Шрифт:
Интервал:
Закладка:
Вздохнув, Соня села.
— Теперь вы захотеть говорить про Сафран, верно? Роланд говорить, вы думать, что Брайт их убивать.
— Вас бы это удивило?
— Эти двое, — нахмурилась она. — Кто знать о таких людях?
— Каких «таких»?
— Всегда вот такое лицо. — Она сделала кислую гримасу. — Грязнули, неряхи, можно подумать, они вообще не мыться. Дейл сказать, они были как тараканы.
— Насекомые?
— Грязнить собственность Роланда, вести себя несправедливо к нему. Ужасно обращаться со своей собакой.
— Они жестоко обращались с собакой?
— Да иль говорить, они никогда его не гулять, пес гадил внутри.
— А Дейл бывал в квартире Сафранов?
Губы женщины расслабились, но глаза смотрели все так же настороженно.
— Это в первый раз я об этом подумать.
— Дейл и Сафраны не ладили. Ему нечего было делать в их квартире.
— Все равно, — сказала она. — Роланд никогда не просить Дейл ему помогать, никогда.

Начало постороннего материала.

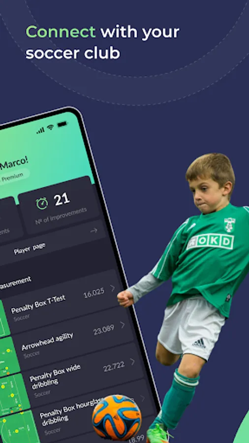 Introducing a time measurement app that makes training for soccer skills a fun and engaging activity with friends. With over 10 standardized exercises to choose from, with or without a ball, you can test your agility, speed, ball control, and more. The app provides you with detailed results from your training, allowing you to practice the same exercises at home and improve your performance.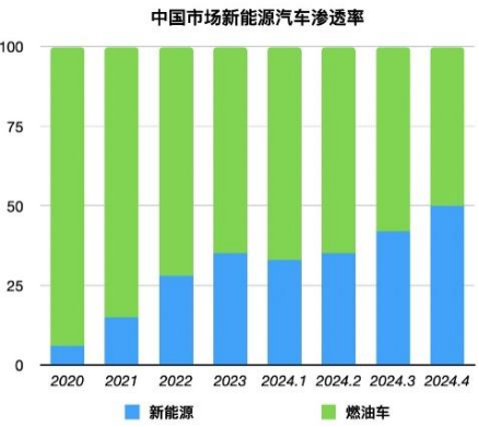 據乘聯會數據顯示,當前新能源汽車的市場滲透率已經突破50%,這也意味著汽車“電進油退”突破了一個重要關口,這不僅是新技術普及的關口,也是消費者接受新能源汽車的“心理關口”。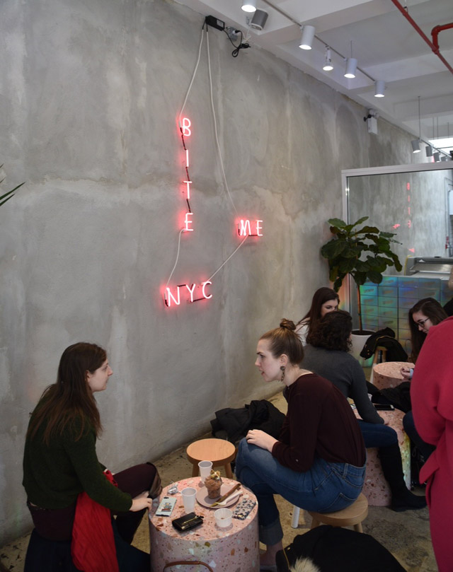 I’ll be really honest here and tell you that we simply popped into Supermoon Bakehouse, but didn’t order anything. At this point we had eaten so much it seemed as if we were already on a sugar high that would last the rest of the evening. Supermoon’s chic marble countertop, which is always perfectly organised with bits like Peanut Butter and Jelly Doughnuts and Ferrero Rocher Croissants, is almost too perfect for my liking. Everything is ultra organised and feels almost clinical. Even the futuristic takeaway boxes are out of this world. But, I have it on good authority that they deliver on taste, so I’m recommending this for anyone that’s dying to try something different next time they are in NYC.

— Это Роланд хотел, чтобы вы мне так сказали?
— Роланд вовсе не какой-то гангстер. В Беларуси он работать в больнице, помогать старикам получить лекарство.
— В ночь исчезновения Сафраны пошли на спектакль на окраине. Тогда еще шла эта пьеса — «Праздник темного носа»?
— Шла. — Она хихикнула. — Скорее плелась. Всего четыре раза.
— Сафраны приходили?
Медленный кивок.
— Их пригласил Дейл. — Это не было вопросом.
— Я спросить зачем, а он сказать: «Почему не быть милым?»
— Им понравилось шоу?
— Не знаю.
— Вы видели Дейл а с ними после шоу?
— Не знаю, — повторила она. — Я снимать грим. На это нужно много времени.
— А Дейл уже ушел?
— Да.
— Когда-нибудь еще видели Сафранов после этого?
Долгое молчание; затем она медленно покачала головой:
— Мой Бог! Дейл!
— Дейл участвовал еще в каких-нибудь шоу?
— Нет.
— А чем он занимался?
— Я больше быть в Лонг-Айленд. Я пользоваться квартирой, только если не хотеть сидеть за рулем.
— Дейл где-нибудь работал?
— Он говорить, что собирается искать, но не сразу, у него был и деньги. От родителей, совсем немного… это тоже вранье, да?
— Он унаследовал куда больше, чем «совсем немного», — кивнул я. — И после того как он уехал из дома Роланда, нигде нет никаких следов его работы. Он говорил, какого типа занятие было бы ему интересно?
— Нет, не говорил… и я еще кое-что вспомнила. Он говорить, что собираться путешествовать.
— Где?
— По всему миру, как будто это одно большое место. Я говорить: «Дайль, поверь мне, мир вовсе не одно место, он состоять из маленьких группок людей, которые ненавидеть друг друга и убивать друг друга, и никто не любить того, кто чем-то отличаться. Хочешь съездить в Беларусь и взглянуть, почему я уехать?» Он сказал: «Нет, Сонни, я говорить о великих городах, таких как Париж, Лондон, Рим». Я спросить, почему он никогда не ехать в великие города, когда был капитаном в Германии. Он сказал: в армии на это не оставаться времени. Но может, он и в Германии не быть, а?
— Думаю, что так, — согласился я.
— Все вранье, — заключила она. — Ладно, ничего в этом нет нового.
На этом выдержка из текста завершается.